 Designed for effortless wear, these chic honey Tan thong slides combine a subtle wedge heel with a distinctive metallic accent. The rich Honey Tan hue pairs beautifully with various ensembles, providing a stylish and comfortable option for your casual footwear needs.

...

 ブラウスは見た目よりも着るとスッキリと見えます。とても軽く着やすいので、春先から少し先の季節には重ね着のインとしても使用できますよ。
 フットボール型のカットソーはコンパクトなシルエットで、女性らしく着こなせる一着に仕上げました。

__WHAT YOU WILL DO__: Word for word, restate the lines above from the line containing "ブラウスは見た目よりも着ると" through the line containing "フットボール型のカットソーは", with both included and nothing else.

__EXERCISE OUTPUT__:
 ブラウスは見た目よりも着るとスッキリと見えます。とても軽く着やすいので、春先から少し先の季節には重ね着のインとしても使用できますよ。
 フットボール型のカットソーはコンパクトなシルエットで、女性らしく着こなせる一着に仕上げました。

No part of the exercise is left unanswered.